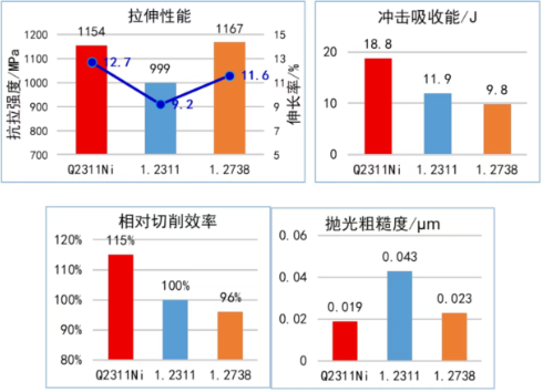Compared with 1.2311 and 1.2738, Q2311Ni shows significant improvements in plasticity and toughness, machining efficiency, polishability, and mechanical properties:
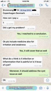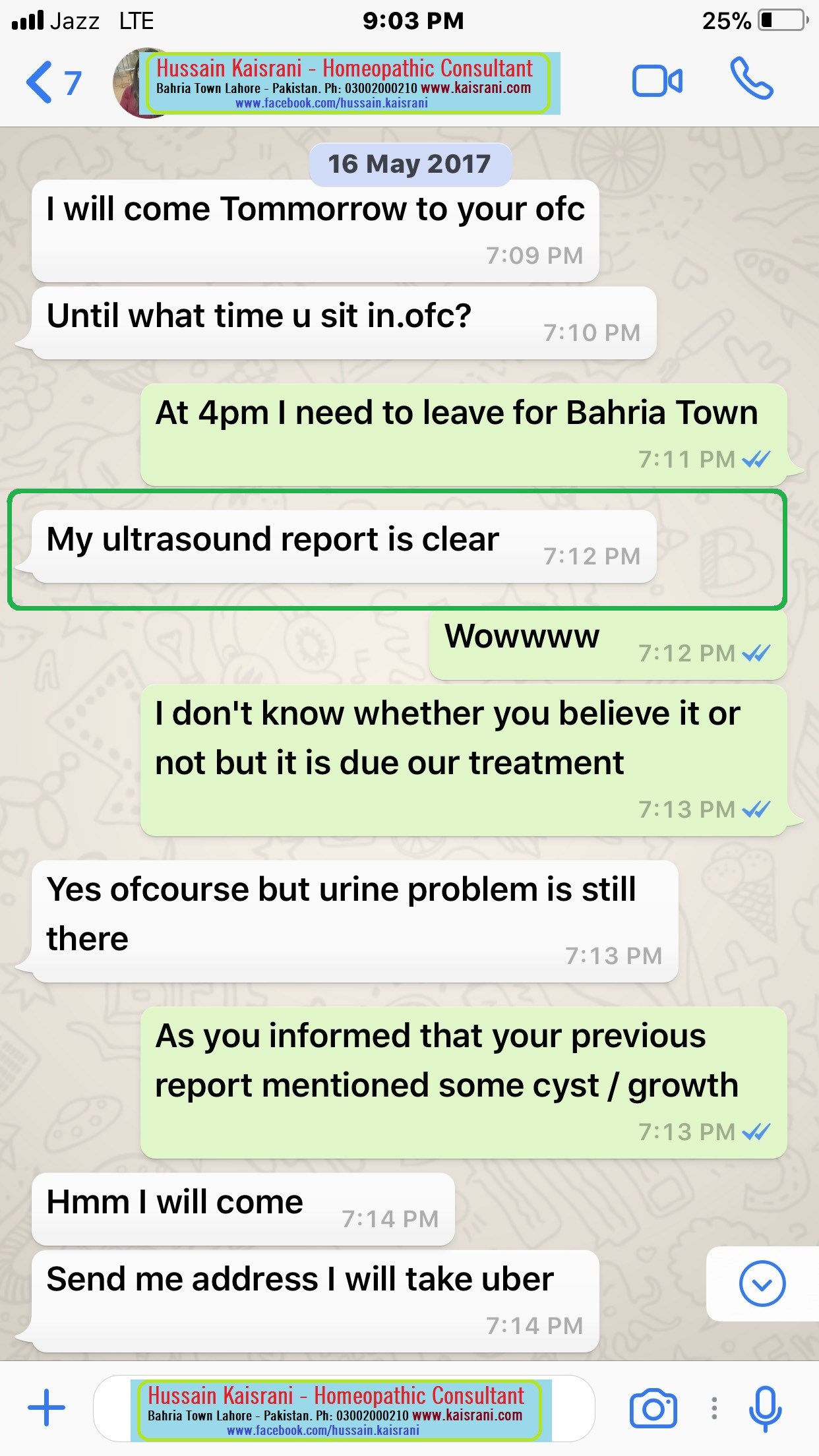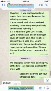 Even though she became symptom free, she was followed at intervals to inquire about any residual issues or anything eventful regarding health that still needed to be addressed. Given the progress of her case, she was expected to get clear of any cysts/growth in an estimated duration of 4 months time. Ultrasound was requested, but she was unable to get an appointment due to long waiting lists in Denmark. It kept on getting delayed untill she came to Pakistan and finally got her scan done. The persistent follow up turned out to be amazingly fruitful when on 16th May 2017 she reported that her ULTRASOUND REPORT IS CLEAR of all polycysts, fibroids / growth.
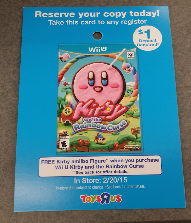 Toys “R” Us has a small offer available for Kirby and the Rainbow Curse. By pre-ordering the game, you’ll receive a Kirby amiibo.
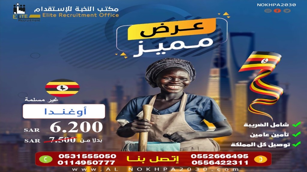 وفرنا لكم عرضًا خاصًا لاستقدام العاملات المنزليات من أوغندا بسعر **6,200 ريال سعودي
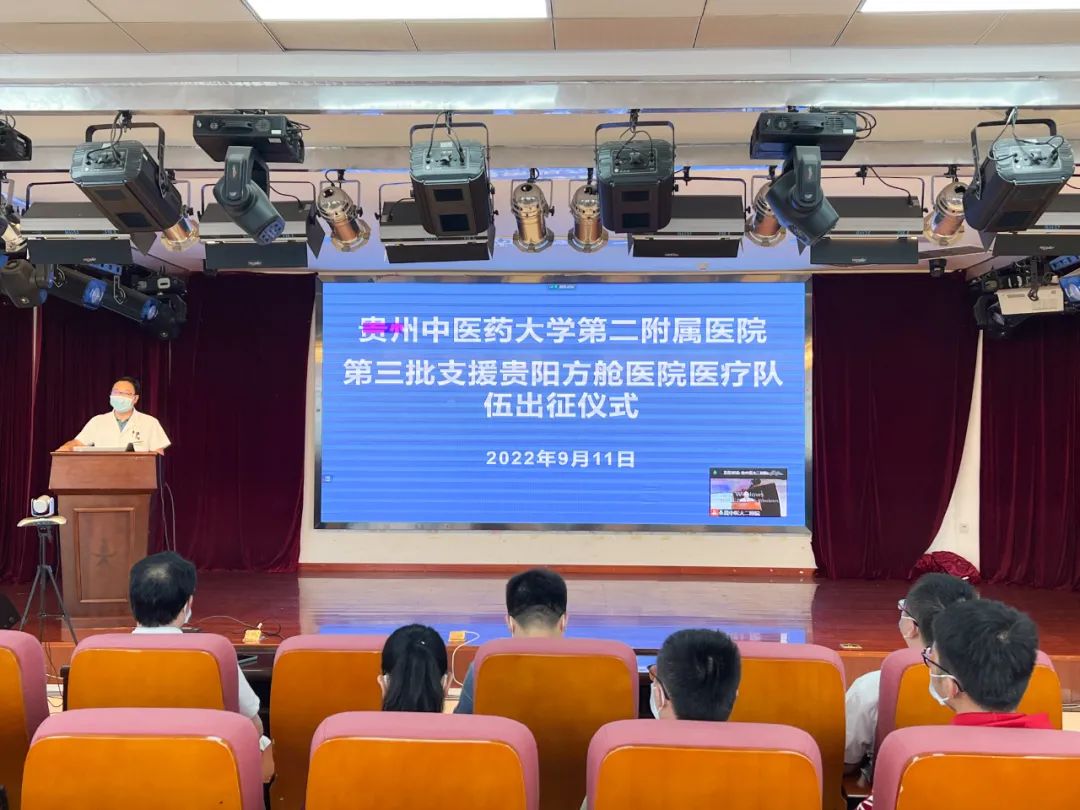9月11日,战“疫”支援集结号再次吹响!贵州中医药大学第二附属医院派出第三批5人组成的医疗队再次出征贵阳市方舱医院,驰援疫情阻击战前线。贵州中医药大学党委书记杨柱同志,贵州中医药大学党委副书记、校长刘兴德同志,贵州中医药大学第二附属医院领导、在院职能部门负责人参加出征仪式。
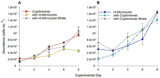 Changes in cell abundance of (A) Cryptomonas and (B) non-toxicMicrocystis (nt-Microcystis) over the experimental period (eight days) when grown alone in monoculture, co-culture, or with reciprocal filtrate. Error bars represent standard error of the mean from three replicate samples.
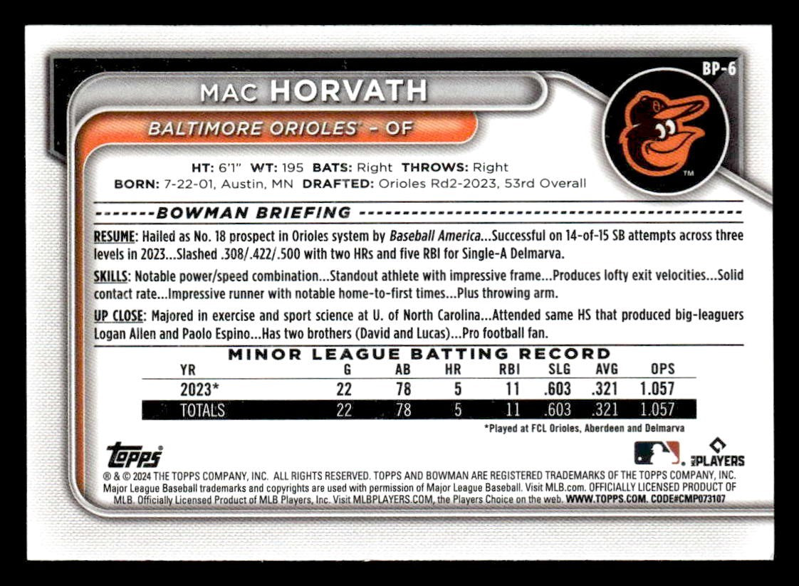 2024 Bowman #BP-6 Mac Horvath Prospects

**ACTIVITY**
Reproduce the data above exactly, leaving each picture out.

**ANSWER**
Compared with 1.2311 and 1.2738, Q2311Ni shows significant improvements in plasticity and toughness, machining efficiency, polishability, and mechanical properties:
 Even though she became symptom free, she was followed at intervals to inquire about any residual issues or anything eventful regarding health that still needed to be addressed. Given the progress of her case, she was expected to get clear of any cysts/growth in an estimated duration of 4 months time. Ultrasound was requested, but she was unable to get an appointment due to long waiting lists in Denmark. It kept on getting delayed untill she came to Pakistan and finally got her scan done. The persistent follow up turned out to be amazingly fruitful when on 16th May 2017 she reported that her ULTRASOUND REPORT IS CLEAR of all polycysts, fibroids / growth.
 Toys “R” Us has a small offer available for Kirby and the Rainbow Curse. By pre-ordering the game, you’ll receive a Kirby amiibo.
 وفرنا لكم عرضًا خاصًا لاستقدام العاملات المنزليات من أوغندا بسعر **6,200 ريال سعودي
9月11日,战“疫”支援集结号再次吹响!贵州中医药大学第二附属医院派出第三批5人组成的医疗队再次出征贵阳市方舱医院,驰援疫情阻击战前线。贵州中医药大学党委书记杨柱同志,贵州中医药大学党委副书记、校长刘兴德同志,贵州中医药大学第二附属医院领导、在院职能部门负责人参加出征仪式。
 Changes in cell abundance of (A) Cryptomonas and (B) non-toxicMicrocystis (nt-Microcystis) over the experimental period (eight days) when grown alone in monoculture, co-culture, or with reciprocal filtrate. Error bars represent standard error of the mean from three replicate samples.
 2024 Bowman #BP-6 Mac Horvath Prospects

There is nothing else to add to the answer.